By Cathleen McGuigan
April 16, 2013

Prizes for RECORD, as we raise the curtain on our annual honors for best residential design.

Here at Architectural Record, we work not only to bring you the best contemporary projects but also to report on the most critical issues confronting the profession today. That's why we're particularly proud of the recognition we've received from American Business Media's annual Jesse H. Neal awards—the Oscars for magazines like ours. RECORD won three of the big prizes: two for our special issue “Building for Social Change” (March 2012) and one for best single issue for “New Life for the American City” (October 2012). We were finalists for three other awards.

Cathleen McGuigan, Editor in Chief
Photo © Michael Arnaud

While covering such significant topics is a big part of our current mission—last month we presented new models for social housing—we also know how to have fun with the magazine's long traditions. With this issue of Record Houses, we're continuing our popular annual feature, first published in 1956. For the architects whose projects are chosen by our editors, the designation “Record House” has become a major honor. For readers, both inside the profession and out, the issue is a chance to see the best domestic design from around the world.

Recently, I sat on a jury for house of the year in New Zealand. Well, not sat, actually: we the judges of the awards (given each year by Home NZ magazine) flew, drove, and ferried all over that small country, visiting 11 short-listed projects in six days. What was most striking was how well the best-designed houses, though rooted in Western modernism, were tuned to the local climate and landscape. Site conditions would seem to be an obvious springboard for architecture everywhere, but we all know acclaimed designs that turn their back on where they're built.

This year's seven Record Houses all reflect a strong modernist sensibility, too (though the idiosyncratic house near Osaka, Japan, by Sou Fujimoto, whose quirky experiments defy categorization, is in a class by itself). Yet they are distinctive not only because of varying budgets and client demands but because, like those New Zealand houses, each design was strongly influenced by its setting.

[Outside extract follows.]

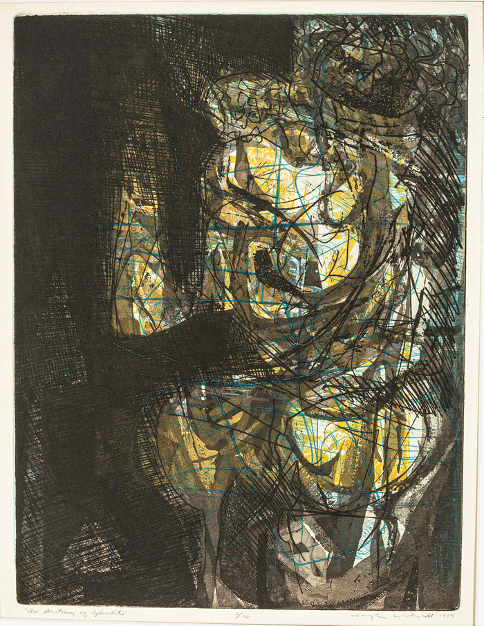 African American Abstract Expressionist Etching Aquatint "Anatomy of Aphrodite" by Warrington Colescott, 1959
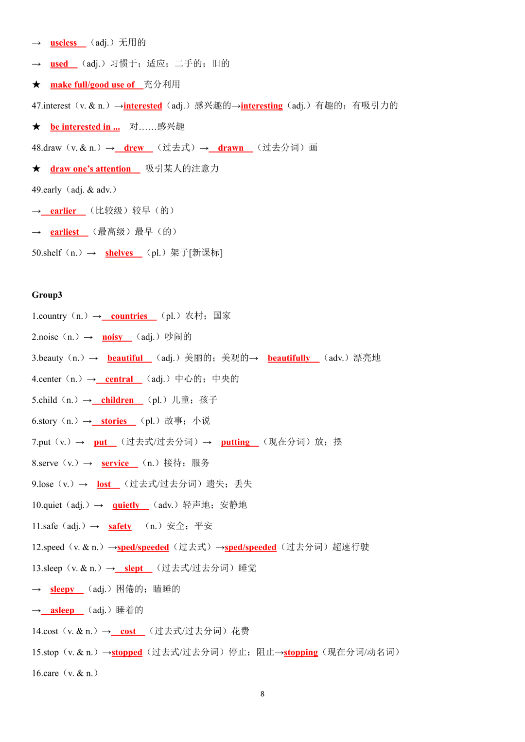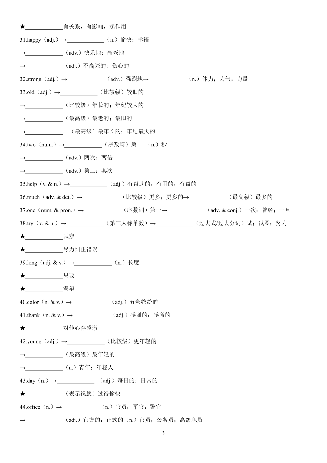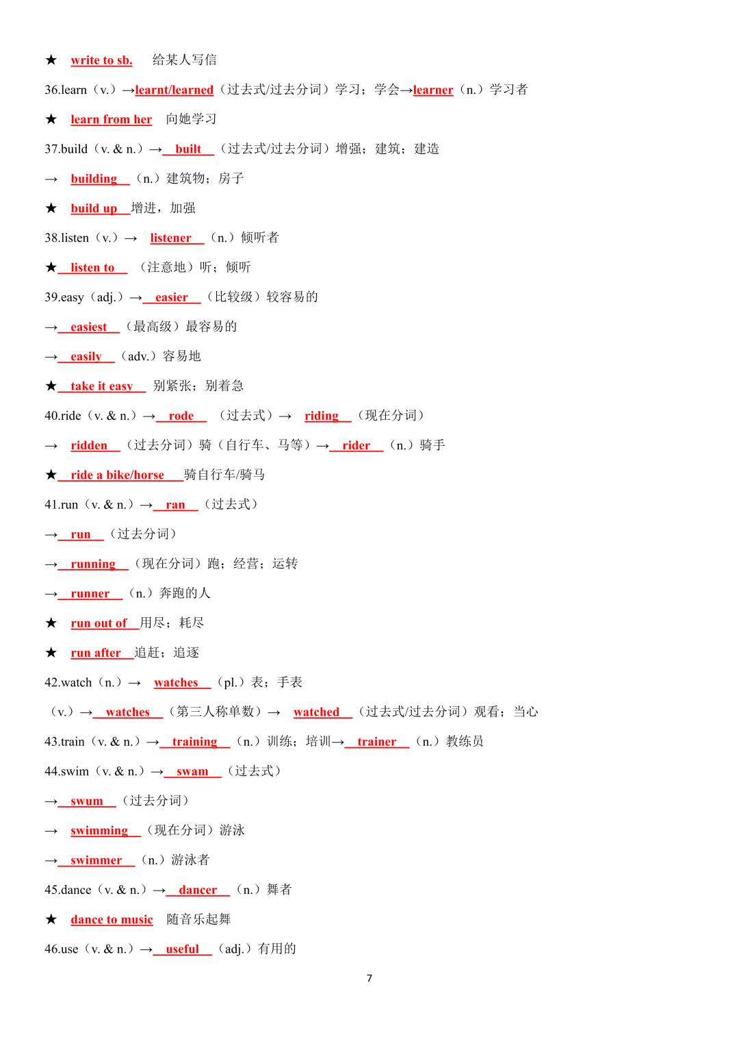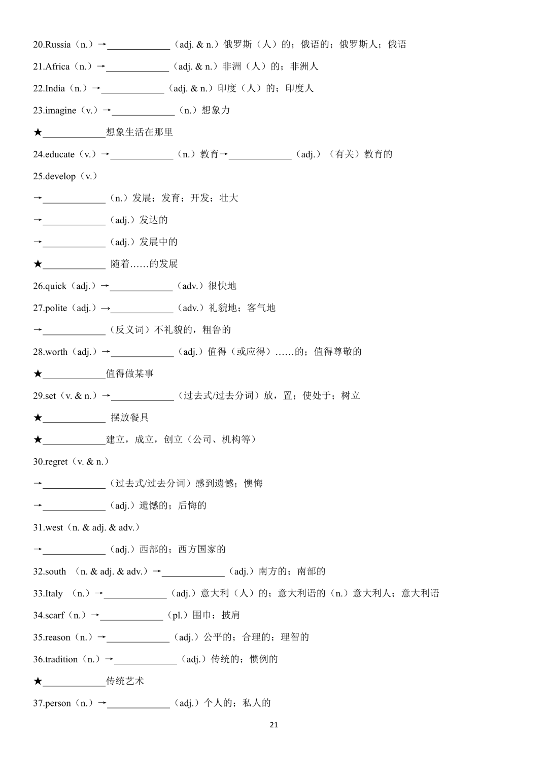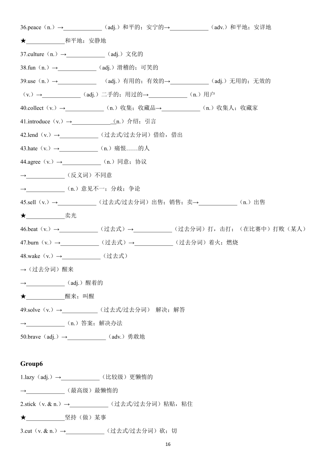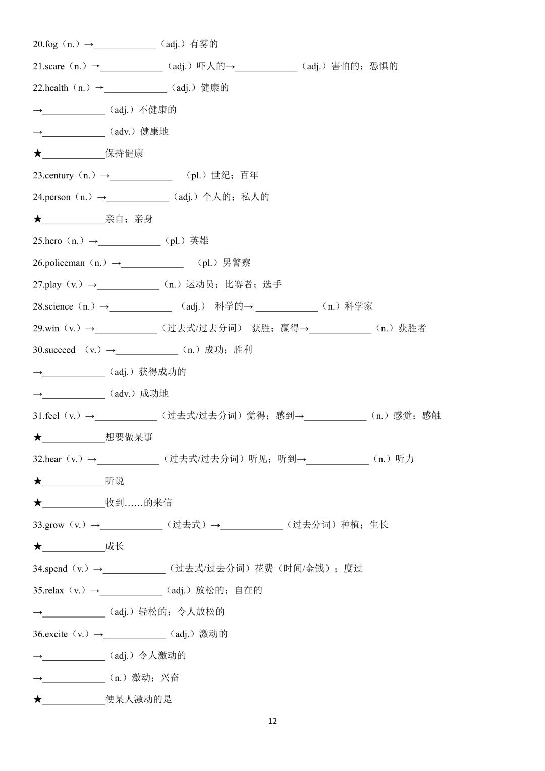 词性转换自测默写一共28页,下面是背诵答案

Consider the stunning residence in Arizona by DUST architects, their first major project. Its open, boxlike pavilions, with rammed-earth walls (yes, the designers are disciples of Tucson architect Rick Joy) seem to grow out of the desert floor, while the roof terrace was created for nighttime communing with the stars. In the pine woods of a sleepy Argentine beach town, BAK Arquitectos built an austere and simple summer house of poured-in-place concrete that retains the imprint of wood grain from the formwork made by a local carpenter. Tree trunks shoot up through holes in the outdoor wooden deck, too—though there are less obvious ways for a dwelling to engage a forest. Thomas Gluck's Tower House in the Catskill Mountains in upstate New York is “a cross between a modernist skyscraper and a tree house,” as RECORD editor Joann Gonchar describes the glass box elevated high up in the leafy canopy, with nothing rustic about its sleek look. The architect wanted, he said, “to make a building about the experience of being in the woods without having the materials be natural.”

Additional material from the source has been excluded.